The Japanese submarine is as capable in combat as the German boats. Our country is also advanced in combat systems (which can pick out specific sounds of the enemy from surrounding noise and conduct operations based on this information). In addition, Japan has a well-developed supply chain for submarine building. There are companies that can custom-make even a single screw for a submarine.
Q: What are the specific challenges in building submarines, compared to commercial vessels?
A: There are particular difficulties, such as steel plate processing, for example. The inner shell of the boat should be as tough as it can be to resist the high pressure deep under the sea. The work requires skilled welding techniques that cannot be acquired overnight.
If they were to build the submarines locally in Australia, it would be hard to train engineers there in a short period of time. Sweden built the Collins-class subs for Australia, which are currently in operation, but it failed to fully train local staff to a desired level. A winning contractor should take this lesson into account when it develops training programs for engineers.

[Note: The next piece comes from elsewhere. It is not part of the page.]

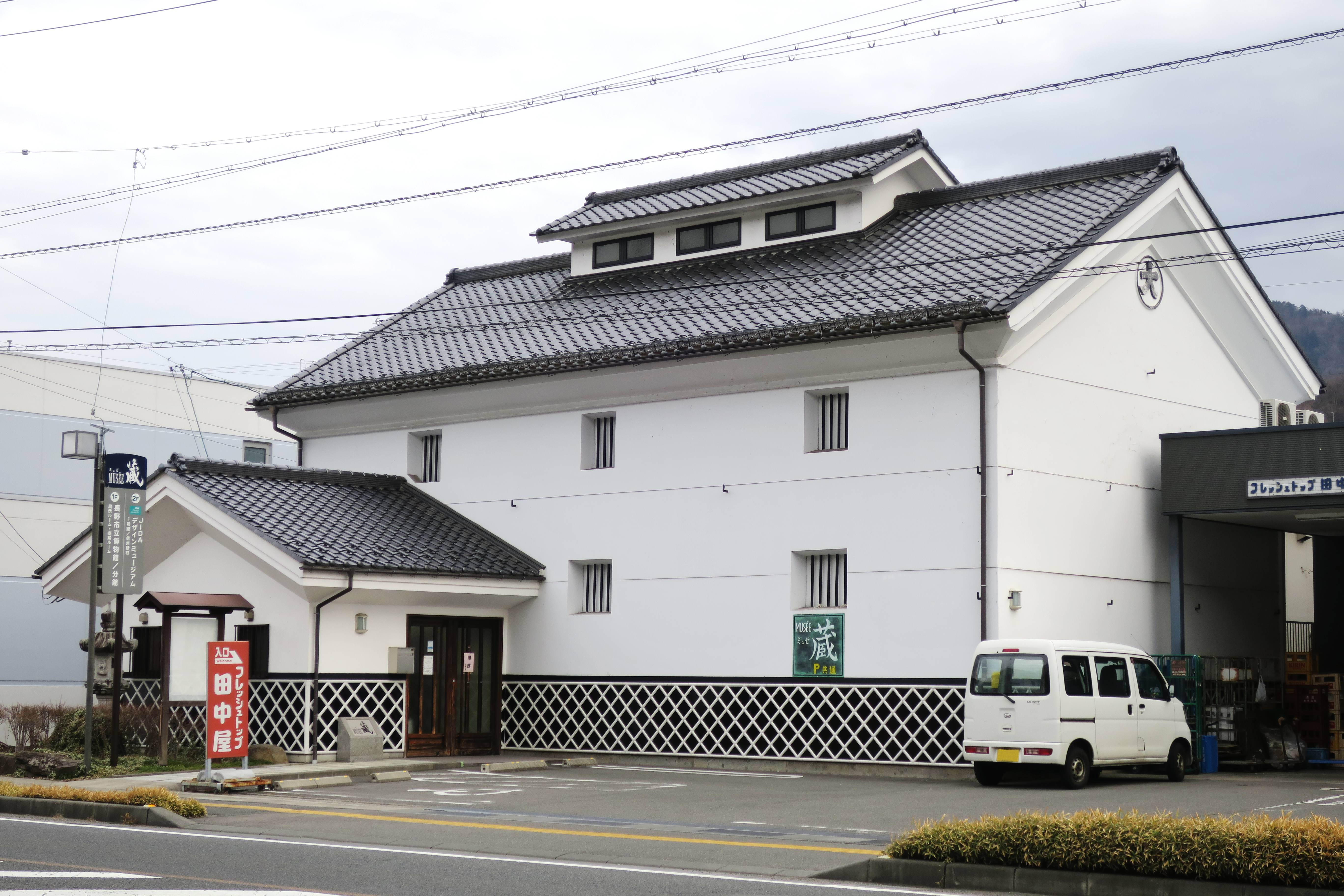 Musee Kura (Nagano, Nagano).

Q: This is an extraordinary project worth an estimated 4 trillion yen ($35.3 billion). If a Japanese company wins the deal, will it be able to make a profit?
A: To secure profits, a shipbuilder should conclude a contract by which it can charge all the costs, including additional spending. I assume that the 4 trillion yen will only cover the shipbuilding part. Including the development of maintenance systems and a training program for engineers, the total spending could be double that amount.
The Acquisition, Technology & Logistic Agency, an arm of Japan's Defense Ministry, together with the shipbuilder, should take these factors into consideration before signing a contract.
Q: The U.S. will be largely involved in the developing and building of the Australian submarine. Are there any concerns about that?
A: The Japanese should be careful about disclosing sensitive information to their partners. A sort of "black-boxing" of information may be required to prevent technologies from leaking to the U.S. and Australian sides. For example, when performing sensitive welding work, I would suggest sending Japanese engineers to do the work at the site and shutting out others until the work is finished.